INPUT:
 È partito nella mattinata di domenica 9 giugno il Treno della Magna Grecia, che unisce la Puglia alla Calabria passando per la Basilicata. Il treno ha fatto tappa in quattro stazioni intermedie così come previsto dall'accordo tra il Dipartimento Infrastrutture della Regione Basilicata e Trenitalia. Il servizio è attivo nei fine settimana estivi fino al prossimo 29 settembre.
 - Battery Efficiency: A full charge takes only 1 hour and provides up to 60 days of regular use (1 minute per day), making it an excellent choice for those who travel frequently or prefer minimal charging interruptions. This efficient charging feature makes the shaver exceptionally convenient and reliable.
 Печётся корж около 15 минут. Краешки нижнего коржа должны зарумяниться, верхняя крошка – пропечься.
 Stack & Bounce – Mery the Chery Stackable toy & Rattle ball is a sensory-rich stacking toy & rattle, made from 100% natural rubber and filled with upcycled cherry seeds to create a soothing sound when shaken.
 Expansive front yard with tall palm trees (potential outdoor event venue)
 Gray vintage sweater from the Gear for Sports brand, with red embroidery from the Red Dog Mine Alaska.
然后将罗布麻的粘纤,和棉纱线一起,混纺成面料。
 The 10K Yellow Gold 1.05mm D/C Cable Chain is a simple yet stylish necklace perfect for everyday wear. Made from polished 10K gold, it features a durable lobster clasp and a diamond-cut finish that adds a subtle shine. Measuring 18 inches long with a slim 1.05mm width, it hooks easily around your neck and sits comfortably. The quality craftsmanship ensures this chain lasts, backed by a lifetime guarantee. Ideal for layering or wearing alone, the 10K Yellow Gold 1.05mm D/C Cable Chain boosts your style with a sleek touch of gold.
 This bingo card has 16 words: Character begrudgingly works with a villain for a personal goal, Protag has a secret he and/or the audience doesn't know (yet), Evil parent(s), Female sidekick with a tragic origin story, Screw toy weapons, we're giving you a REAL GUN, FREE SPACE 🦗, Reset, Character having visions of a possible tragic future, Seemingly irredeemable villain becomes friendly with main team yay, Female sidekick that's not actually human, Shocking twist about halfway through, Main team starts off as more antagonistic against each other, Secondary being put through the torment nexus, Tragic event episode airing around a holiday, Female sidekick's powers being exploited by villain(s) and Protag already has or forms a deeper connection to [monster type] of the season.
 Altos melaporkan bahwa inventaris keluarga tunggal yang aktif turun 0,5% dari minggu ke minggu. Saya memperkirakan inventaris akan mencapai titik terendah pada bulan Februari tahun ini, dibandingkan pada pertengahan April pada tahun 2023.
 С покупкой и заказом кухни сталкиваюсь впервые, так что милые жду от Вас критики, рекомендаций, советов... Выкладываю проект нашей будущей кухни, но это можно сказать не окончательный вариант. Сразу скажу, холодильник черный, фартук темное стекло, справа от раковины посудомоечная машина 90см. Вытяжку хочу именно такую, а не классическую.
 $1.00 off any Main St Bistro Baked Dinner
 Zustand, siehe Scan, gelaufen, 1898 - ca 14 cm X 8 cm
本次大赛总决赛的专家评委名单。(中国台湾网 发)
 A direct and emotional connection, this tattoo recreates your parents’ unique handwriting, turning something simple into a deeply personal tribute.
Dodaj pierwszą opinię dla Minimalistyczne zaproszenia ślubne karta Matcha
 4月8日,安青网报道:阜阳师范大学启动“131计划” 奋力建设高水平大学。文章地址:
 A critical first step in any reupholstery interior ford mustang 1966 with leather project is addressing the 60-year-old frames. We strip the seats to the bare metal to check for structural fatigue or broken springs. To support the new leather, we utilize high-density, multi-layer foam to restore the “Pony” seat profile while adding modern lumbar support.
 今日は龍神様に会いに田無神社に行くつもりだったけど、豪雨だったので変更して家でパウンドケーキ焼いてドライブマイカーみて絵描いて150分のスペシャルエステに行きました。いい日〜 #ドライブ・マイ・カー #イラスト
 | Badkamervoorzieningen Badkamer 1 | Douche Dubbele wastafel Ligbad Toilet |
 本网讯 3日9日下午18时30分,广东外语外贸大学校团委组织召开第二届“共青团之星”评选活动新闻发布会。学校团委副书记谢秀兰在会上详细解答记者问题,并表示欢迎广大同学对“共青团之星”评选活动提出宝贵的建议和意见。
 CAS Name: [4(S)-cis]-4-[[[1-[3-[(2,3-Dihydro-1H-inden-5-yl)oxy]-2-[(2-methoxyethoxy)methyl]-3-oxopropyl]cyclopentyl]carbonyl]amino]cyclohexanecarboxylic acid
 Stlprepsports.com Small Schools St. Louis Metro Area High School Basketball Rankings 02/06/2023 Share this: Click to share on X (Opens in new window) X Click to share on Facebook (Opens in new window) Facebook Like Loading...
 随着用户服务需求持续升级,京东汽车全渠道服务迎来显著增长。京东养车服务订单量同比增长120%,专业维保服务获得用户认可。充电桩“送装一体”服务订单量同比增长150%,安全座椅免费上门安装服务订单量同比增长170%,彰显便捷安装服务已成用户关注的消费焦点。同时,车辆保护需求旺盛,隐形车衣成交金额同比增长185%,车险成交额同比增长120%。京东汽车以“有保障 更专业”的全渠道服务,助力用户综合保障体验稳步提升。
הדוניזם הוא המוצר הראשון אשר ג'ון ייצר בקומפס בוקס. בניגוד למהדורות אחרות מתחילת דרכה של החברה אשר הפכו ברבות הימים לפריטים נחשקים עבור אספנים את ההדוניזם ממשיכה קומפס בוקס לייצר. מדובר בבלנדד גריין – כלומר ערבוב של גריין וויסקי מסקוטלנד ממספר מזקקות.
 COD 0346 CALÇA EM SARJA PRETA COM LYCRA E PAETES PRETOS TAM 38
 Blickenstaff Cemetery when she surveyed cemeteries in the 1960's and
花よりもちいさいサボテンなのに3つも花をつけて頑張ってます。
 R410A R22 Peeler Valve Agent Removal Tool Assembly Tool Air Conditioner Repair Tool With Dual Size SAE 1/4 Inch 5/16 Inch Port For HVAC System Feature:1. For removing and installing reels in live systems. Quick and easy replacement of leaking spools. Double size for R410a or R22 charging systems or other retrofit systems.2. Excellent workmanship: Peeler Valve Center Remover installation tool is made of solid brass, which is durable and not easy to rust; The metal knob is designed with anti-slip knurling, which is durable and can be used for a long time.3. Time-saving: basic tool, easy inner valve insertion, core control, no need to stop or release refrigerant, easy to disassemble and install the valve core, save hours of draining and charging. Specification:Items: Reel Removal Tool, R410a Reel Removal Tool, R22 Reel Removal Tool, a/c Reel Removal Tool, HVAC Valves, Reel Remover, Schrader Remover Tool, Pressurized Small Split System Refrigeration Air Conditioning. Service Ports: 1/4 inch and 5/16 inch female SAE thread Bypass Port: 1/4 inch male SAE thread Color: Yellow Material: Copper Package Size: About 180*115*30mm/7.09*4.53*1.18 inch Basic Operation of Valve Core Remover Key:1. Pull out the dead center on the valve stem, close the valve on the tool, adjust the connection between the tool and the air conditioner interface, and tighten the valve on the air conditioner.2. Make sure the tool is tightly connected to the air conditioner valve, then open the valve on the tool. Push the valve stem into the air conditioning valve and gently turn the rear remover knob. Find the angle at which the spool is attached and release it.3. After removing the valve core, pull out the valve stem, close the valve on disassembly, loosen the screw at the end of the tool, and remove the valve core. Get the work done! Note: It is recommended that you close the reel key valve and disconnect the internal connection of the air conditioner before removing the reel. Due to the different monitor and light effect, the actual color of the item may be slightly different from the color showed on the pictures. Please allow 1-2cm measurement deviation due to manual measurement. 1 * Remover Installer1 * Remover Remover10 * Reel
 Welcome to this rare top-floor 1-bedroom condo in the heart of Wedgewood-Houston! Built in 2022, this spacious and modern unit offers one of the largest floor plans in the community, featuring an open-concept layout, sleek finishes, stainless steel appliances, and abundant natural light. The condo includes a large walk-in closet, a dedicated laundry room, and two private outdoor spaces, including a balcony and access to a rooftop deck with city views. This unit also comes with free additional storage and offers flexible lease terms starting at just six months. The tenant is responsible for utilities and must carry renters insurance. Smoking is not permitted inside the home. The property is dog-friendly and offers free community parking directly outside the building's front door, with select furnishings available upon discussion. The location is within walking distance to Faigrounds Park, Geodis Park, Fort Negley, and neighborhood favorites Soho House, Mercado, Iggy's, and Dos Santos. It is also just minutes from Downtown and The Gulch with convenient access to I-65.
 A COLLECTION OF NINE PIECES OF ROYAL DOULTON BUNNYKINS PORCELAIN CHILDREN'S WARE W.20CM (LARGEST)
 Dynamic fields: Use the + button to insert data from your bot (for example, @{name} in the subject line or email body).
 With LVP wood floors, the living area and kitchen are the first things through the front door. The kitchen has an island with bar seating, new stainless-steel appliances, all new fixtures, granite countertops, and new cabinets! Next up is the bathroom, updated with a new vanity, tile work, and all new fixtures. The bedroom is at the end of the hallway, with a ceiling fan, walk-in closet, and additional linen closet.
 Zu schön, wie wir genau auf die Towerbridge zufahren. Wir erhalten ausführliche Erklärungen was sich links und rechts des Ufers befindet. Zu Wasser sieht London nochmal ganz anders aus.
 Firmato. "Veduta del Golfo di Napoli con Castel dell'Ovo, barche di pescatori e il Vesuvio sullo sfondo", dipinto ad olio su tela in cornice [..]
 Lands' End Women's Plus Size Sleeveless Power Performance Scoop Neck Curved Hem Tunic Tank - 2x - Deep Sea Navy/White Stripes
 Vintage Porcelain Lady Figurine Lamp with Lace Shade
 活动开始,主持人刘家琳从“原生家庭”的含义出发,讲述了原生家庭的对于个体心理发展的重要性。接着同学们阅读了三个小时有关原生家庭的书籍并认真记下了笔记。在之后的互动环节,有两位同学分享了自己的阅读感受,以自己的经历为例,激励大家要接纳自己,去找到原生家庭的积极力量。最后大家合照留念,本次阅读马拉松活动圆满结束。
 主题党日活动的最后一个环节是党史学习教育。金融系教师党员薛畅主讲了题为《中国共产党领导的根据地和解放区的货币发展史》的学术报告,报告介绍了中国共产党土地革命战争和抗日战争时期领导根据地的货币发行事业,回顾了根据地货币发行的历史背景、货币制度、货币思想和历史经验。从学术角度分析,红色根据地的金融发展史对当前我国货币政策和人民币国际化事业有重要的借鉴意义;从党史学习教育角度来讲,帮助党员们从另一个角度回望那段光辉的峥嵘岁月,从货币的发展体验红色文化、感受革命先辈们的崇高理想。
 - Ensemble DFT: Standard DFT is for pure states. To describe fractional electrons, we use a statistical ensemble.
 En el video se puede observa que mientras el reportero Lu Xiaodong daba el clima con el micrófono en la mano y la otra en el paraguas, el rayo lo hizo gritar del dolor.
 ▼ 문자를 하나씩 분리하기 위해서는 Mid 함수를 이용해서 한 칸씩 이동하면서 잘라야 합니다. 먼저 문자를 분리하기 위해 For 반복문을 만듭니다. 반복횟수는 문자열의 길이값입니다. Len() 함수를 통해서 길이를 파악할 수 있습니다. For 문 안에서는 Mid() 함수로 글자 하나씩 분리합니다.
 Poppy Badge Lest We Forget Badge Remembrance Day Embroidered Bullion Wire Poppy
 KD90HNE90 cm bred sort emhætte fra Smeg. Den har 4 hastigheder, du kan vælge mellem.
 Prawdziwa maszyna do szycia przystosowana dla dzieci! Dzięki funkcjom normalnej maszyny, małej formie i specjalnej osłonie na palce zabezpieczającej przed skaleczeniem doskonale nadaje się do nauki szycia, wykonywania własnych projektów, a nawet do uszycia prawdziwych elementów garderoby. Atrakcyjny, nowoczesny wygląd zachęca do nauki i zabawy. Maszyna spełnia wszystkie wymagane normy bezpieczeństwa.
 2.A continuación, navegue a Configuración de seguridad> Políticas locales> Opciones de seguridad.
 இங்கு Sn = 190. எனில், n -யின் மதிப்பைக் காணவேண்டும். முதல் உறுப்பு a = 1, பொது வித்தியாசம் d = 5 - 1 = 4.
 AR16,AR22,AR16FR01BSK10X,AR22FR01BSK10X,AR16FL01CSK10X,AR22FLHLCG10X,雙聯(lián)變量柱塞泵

EXERCISE:
Copy out whichever lines of the listing contain the word "first".

WRITTEN RESPONSE:
 A critical first step in any reupholstery interior ford mustang 1966 with leather project is addressing the 60-year-old frames. We strip the seats to the bare metal to check for structural fatigue or broken springs. To support the new leather, we utilize high-density, multi-layer foam to restore the “Pony” seat profile while adding modern lumbar support.
 With LVP wood floors, the living area and kitchen are the first things through the front door. The kitchen has an island with bar seating, new stainless-steel appliances, all new fixtures, granite countertops, and new cabinets! Next up is the bathroom, updated with a new vanity, tile work, and all new fixtures. The bedroom is at the end of the hallway, with a ceiling fan, walk-in closet, and additional linen closet.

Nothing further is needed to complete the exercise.